Subject : Regression: libata: implement ata_wait_after_reset() Submitter : Luca Tettamanti <kronos.it@gmail.com> References : http://lkml.org/lkml/2007/11/3/66
Caused by: commit 88ff6eafbb2a1c55f0f0e2e16d72e7b10d8ae8a5 Author: Tejun Heo <htejun@gmail.com> Date: Tue Oct 16 14:21:24 2007 -0700 libata: implement ata_wait_after_reset() http://git.kernel.org/gitweb.cgi?p=linux/kernel/git/torvalds/linux-2.6.git;a=commit;h=88ff6eafbb2a1c55f0f0e2e16d72e7b10d8ae8a5
Which controller is it? Can you please post boot log and the result of "lspci -nn" (from the kernel w/o the offending change)?

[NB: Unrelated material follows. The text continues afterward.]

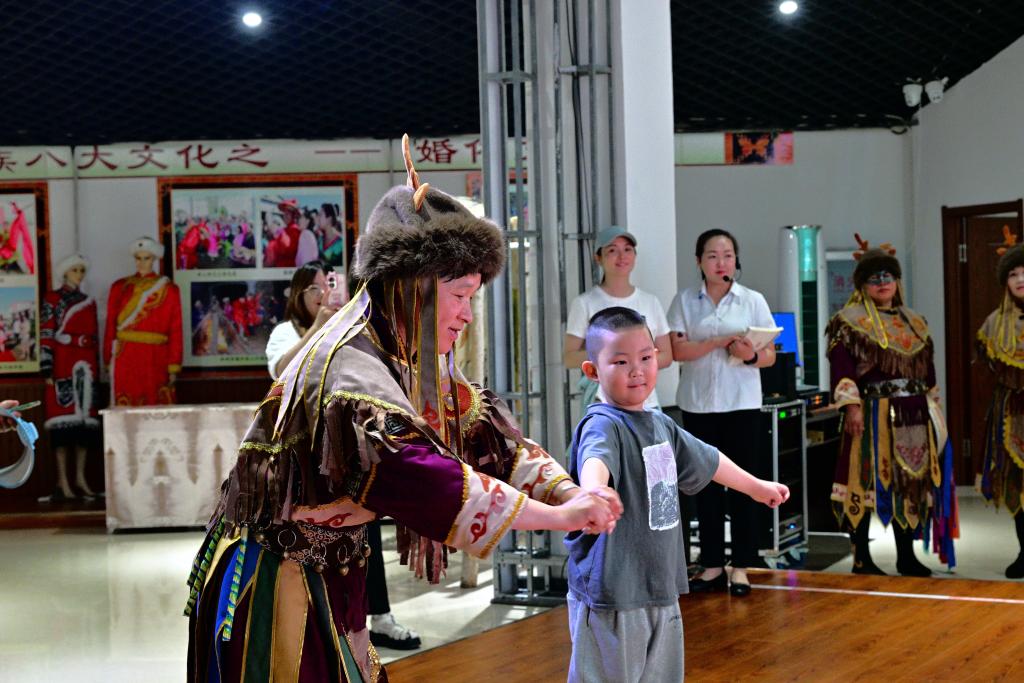 在展示館二樓活態(tài)展示區(qū),赫哲族演員頭戴鹿角帽,身穿民族服裝,跳起熱烈的“溫吉尼”舞蹈,為前來參觀的游客帶來一場神秘又震撼的視聽盛宴。表演結(jié)束后,游客還可以走上舞臺,和演員們學(xué)習(xí)薩滿舞的舞蹈動作,體驗(yàn)赫哲族古老的文化。
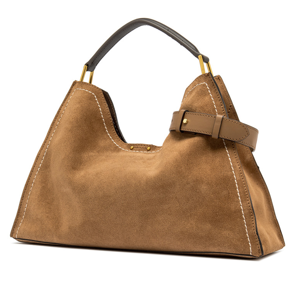 The Aurora shoulder bag by Gianni Chiarini Firenze stands out for its trapezoidal shape, a perfect combination of contemporary elegance. Crafted from soft suede, it is enriched with metal details and contrasting topstitches that enhance its design. Featuring an adjustable and removable leather shoulder strap, it offers a dual portability mode. Complete with a handy zip-lock clutch, this bag also features a magnet top closure for added security and convenience.

Created attachment 13391 [details] Boot log of working kernel
Created attachment 13392 [details] Boot log of non-working kernel
The controller is a PCI card with ALi chipset; parallel port is in use, SATA is not. 05:02.0 Mass storage controller [0180]: ALi Corporation ALi M5281 Serial ATA / RAID Host Controller [10b9:5281] (rev a4) 05:02.1 Mass storage controller [0180]: ALi Corporation M5228 ALi ATA/RAID Controller [10b9:5228] (rev c6) I've attacched dmesg for working and non working kernels.

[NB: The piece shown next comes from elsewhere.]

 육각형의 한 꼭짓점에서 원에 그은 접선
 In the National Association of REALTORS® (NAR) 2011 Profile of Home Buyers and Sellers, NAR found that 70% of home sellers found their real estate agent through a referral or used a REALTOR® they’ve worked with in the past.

Created attachment 13395 [details] bug-9298-debug.patch Does this fix the problem?
Doesn't work. The controller starts screaming when the ioread8 (ata_check_status) is executed.
Created attachment 13417 [details] debug.patch Please apply this patch and turn on CONFIG_PRINTK_TIME and report the result. Thanks.

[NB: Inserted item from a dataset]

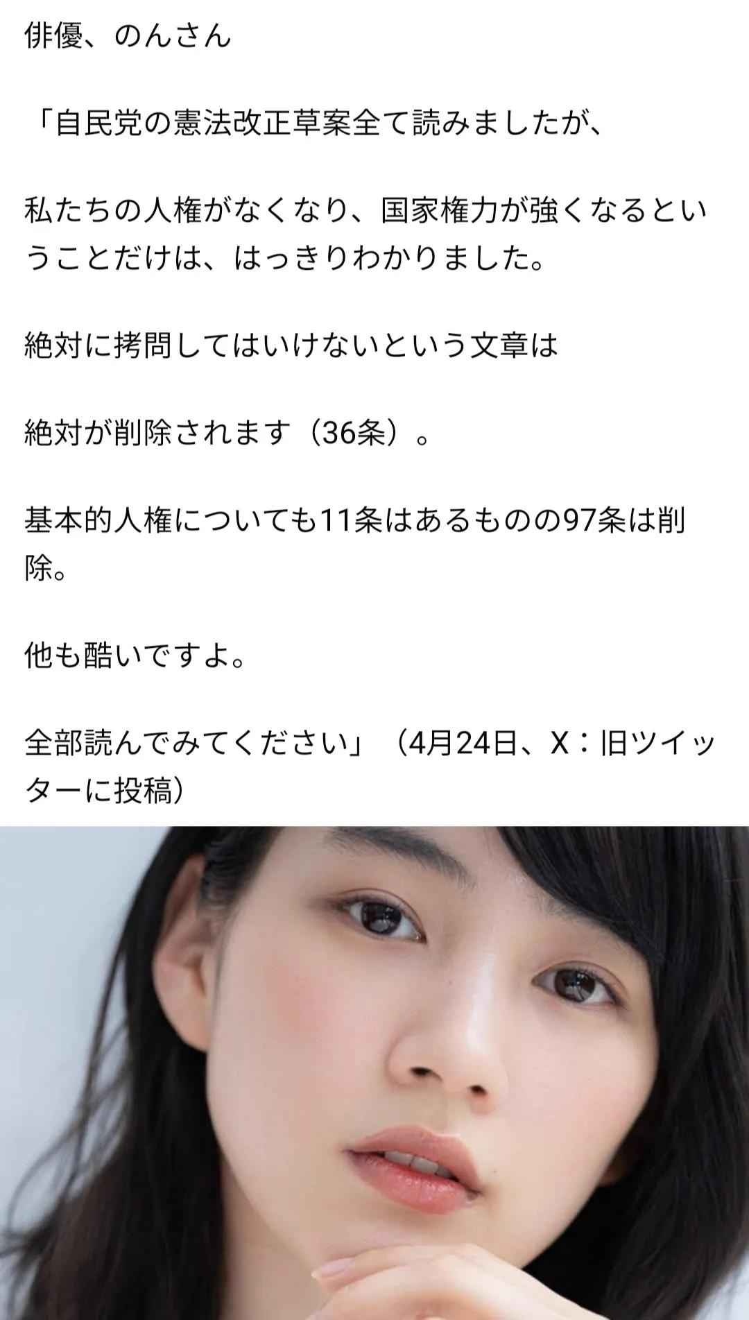 のん(旧姓能年玲奈)さん、自民党の憲法改正草案についてお気持ち表明

Will do when I get home. Yesterday I tested with: msleep(100); printk("checking status...\n"); ata_chk_status(ap); printk("done\n"); msleep(100); and the timing showed that the interrupt started firing before printing "done". I didn't checked the return value though.
The weird thing is that the ata_wait_after_reset() change didn't change that part. It just re-factored ata_chk_status(). Right after reset, both old and new code wait for 150ms and do ata_chk_status(). Are you positive that change is what's causing the problem?
I was running git current with the whole while(1) loop commented out.
Yeah, that's pretty conclusive. It's really weird tho. ata_wait_after_reset() is called from ata_bus_softreset() and all it does which touches the hardware is calling ata_chk_status() a number of times. On return, the next thing ata_bus_softreset() does is doing ata_chk_status() and then calling ata_wait_ready() which again is basically a bunch of ata_chk_status(). So, from the controller's POV, nothing really has changed. Maybe timing could have changed a bit and that's why I suggested the first patch. Anyways, it just doesn't make sense as polling STATUS is a very basic operation which should never fail. In addition, reading the STATUS register has the side effect of clearing pending interrupt which makes screaming interrupts from reading STATUS very very very weird.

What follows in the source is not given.